To those who do not believe the rally...

... I don't believe it either. But it sure didn't make sense not to get aboard and ride what has been a fantastic trend. My beliefs are that the country is on an unsustainable public debt binge that will end badly. But I don't trade on beliefs. I trade on price and it has been profitable to be long over the last 4 months that I have been long, with a short term shakeout last month. After reading a few articles on market makers, the markets make sense. There are a few investment banks that control where prices are going to move because they see order flow. They also know how to create order flow through price movement because they know human nature. Humans are psychologically trend followers. The tragic part is that they have a tough time dealing with losses, as in they will tend not to take a small loss. Instead they will let the loss grow in the hopes of price returning to breakeven.

Market makers use order flow to buy inventory at whole sale prices and then bid them up to retail "investors" who are watching the activity. When the activity is favorable, they jump in, generally with little thought to how they are going to get out. The market makers sell bits of their inventory on the way up, which can be noticed on volume spikes at extreme levels. These typically show up as reversal "dojis" on candlestick charts. After they sell a portion of their holdings, market makers are looking to replenish some of the inventory. So they bid the price down over time, looking to wipe out stops and limit orders. They do a very good job of wiping out stops at major moving averages like the 20, 50, and 200 day SMAs (which is why I don't use these averages). Once these stops are wiped out and sold to the market makers, they advance the price to favorably generate order flow in the positive direction, selling into the price increases. This process is repeated until the market makers have sold much of their inventory. Then they do the process in reverse by selling shares short and buying them back at lower prices.
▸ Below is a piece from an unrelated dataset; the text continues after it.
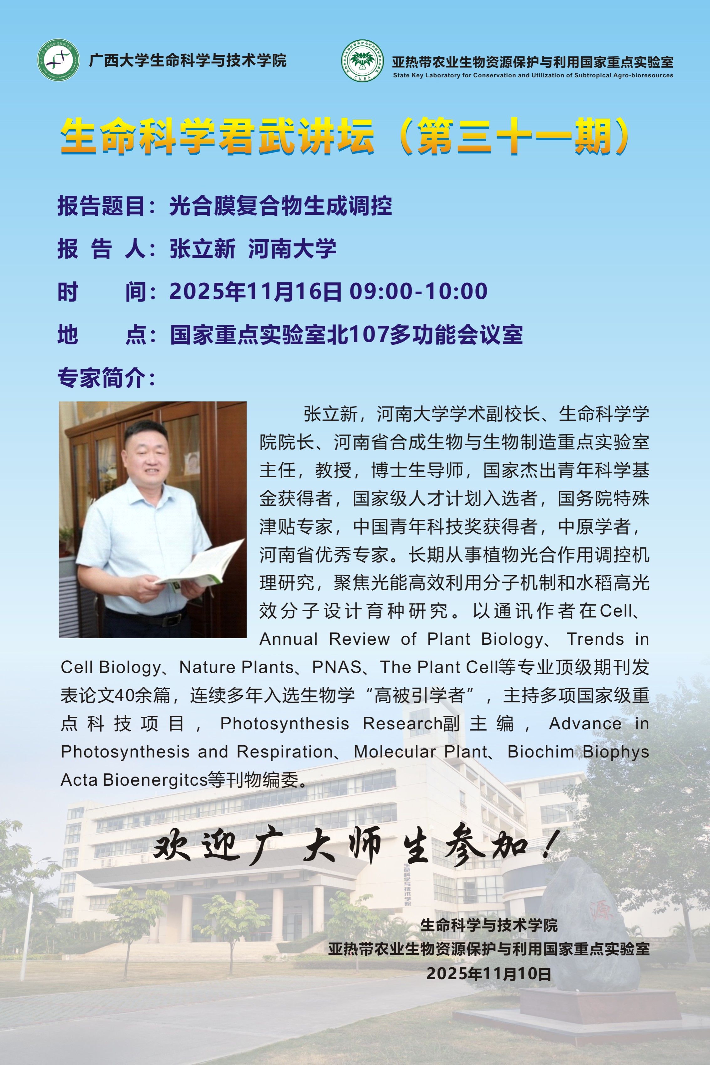 生命科学君武讲坛(第三十一期):光合膜复合物生成调控

All of this is detailed in Reminiscences of a Stock Operator. As a small retail investor, you have to realize what is going on, then react in a way that says, "I have to follow what the market makers are doing since I don't know what they are actually doing." This can be done by looking over longer time frames and reacting to slow changes in price and volume. Trend followers look to filter out the noise in the market and determine strategies to follow price manipulations by market makers as they change the direction of their campaign. I do have a cynical view, but it works.

On a side note, the 350 SMA was broken to the upside today. I would expect to see some major movement right now. If I had my options account up and running, I would place a straddle or strangle trade here to capture what I expect to be volatility in either direction over the next few months.